Azure Monitor Alerts
Azure Monitor Alerts provide proactive notifications when important conditions are detected in your monitoring data. They help you identify and resolve issues before users are impacted, improving availability and reliability.
Benefits of the Azure Monitor Alerts Experience
Azure Monitor Alerts offer several key advantages:
-
Improved notification system
All modern alerts use Action Groups, which are reusable collections of notifications and automated actions. -
Unified alert authoring experience
Create alerts for metrics, logs, and activity logs from a single interface across Azure Monitor, Log Analytics, and Application Insights. -
Centralized alert visibility
Log Analytics alerts are now visible directly in the Azure portal, instead of a separate experience. -
Clear separation of alerts and rules
-
Alert Rules define what triggers an alert
-
Fired Alerts represent instances when a rule is triggered
This separation simplifies both configuration and operations.
-
-
Improved workflow
The guided alert creation process makes it easier to discover and configure meaningful alerts.
Managing Alerts
Azure Monitor allows alerting on a wide range of monitoring data sources, including:
-
Metric values
-
Log search query results
-
Azure Activity Log events
-
Azure platform health signals
-
Website availability tests
Alert States
Alerts include a state to track progress during issue resolution. When alert criteria are met, a new alert is created with a New status.
Supported Alert States
| State | Description |
|---|---|
| New | The issue has been detected and not yet reviewed |
| Acknowledged | An administrator has reviewed the alert and is working on it |
| Closed | The issue has been resolved |
✔️ Important distinction
-
Alert State is set manually by a user
-
Monitor Condition is set automatically by Azure
When an alert fires, the monitor condition is Fired. When the underlying issue clears, it becomes Resolved. The alert state remains unchanged until a user updates it.
Alert Rules
Alerts are built using alert rules, which define when and how alerts are triggered. Alert rules can be enabled or disabled—alerts only fire when enabled.

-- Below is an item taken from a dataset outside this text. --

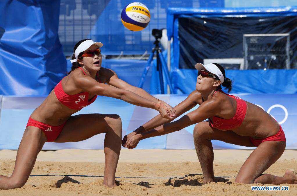 Xue Chen (a la derecha) y Wang Xinxin salvan la pelota durante el partido preliminar de voleibol de playa femenino contra Estados Unidos en los Juegos Olímpicos Tokío 2020, Japón, 25 de julio del 2021.…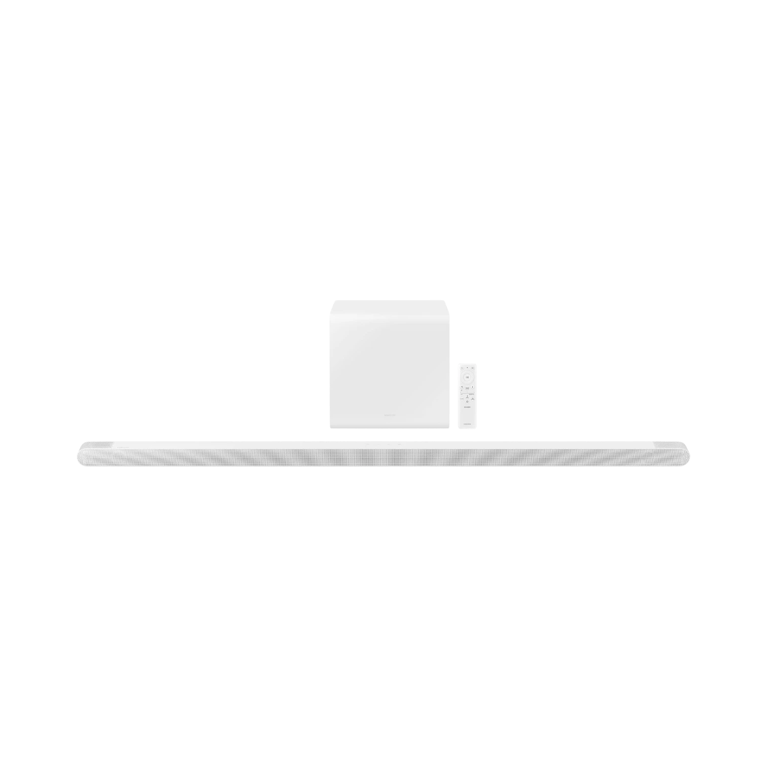 - Q-Symphony synchronizes the soundbar with compatible Samsung TV speakers to expand the soundstage seamlessly.

Key Components of an Alert Rule
-
Target Resource
The Azure resource being monitored (e.g., VM, Storage Account, Log Analytics workspace, Application Insights). Some rules support multiple targets. -
Signal
The type of data evaluated, such as:-
Metrics
-
Activity Logs
-
Application Insights data
-
Log queries
-
-
Criteria
Logic applied to the signal, for example:-
CPU usage > 70%
-
Server response time > 4 ms
-
Log query result count > 100
-
-
Alert Name & Description
User-defined identifiers for clarity and management. -
Severity
Ranges from 0 (Critical) to 4 (Verbose). -
Action
The response triggered when the alert fires, defined using Action Groups.
Action Groups
An Action Group is a reusable collection of notifications and automated actions. Multiple alerts can share the same action group.
When users are added to an action group for email or SMS notifications, they receive a confirmation request.
Supported Action Types
-
Automation Runbooks
Execute predefined workflows for operational tasks. -
Azure Functions
Run serverless, event-driven code. -
Email Azure Resource Manager Role
Notify members of a specific Azure role (Azure AD users only). -
Email / SMS / Push / Voice Notifications
-
ITSM Integration
Create or update incidents in supported IT Service Management tools. -
Logic Apps
Automate workflows across Azure and external services. -
Webhooks
Send alerts to external systems via HTTP endpoints.
✔️ Always consult Azure documentation for current limits on the number of actions per action group.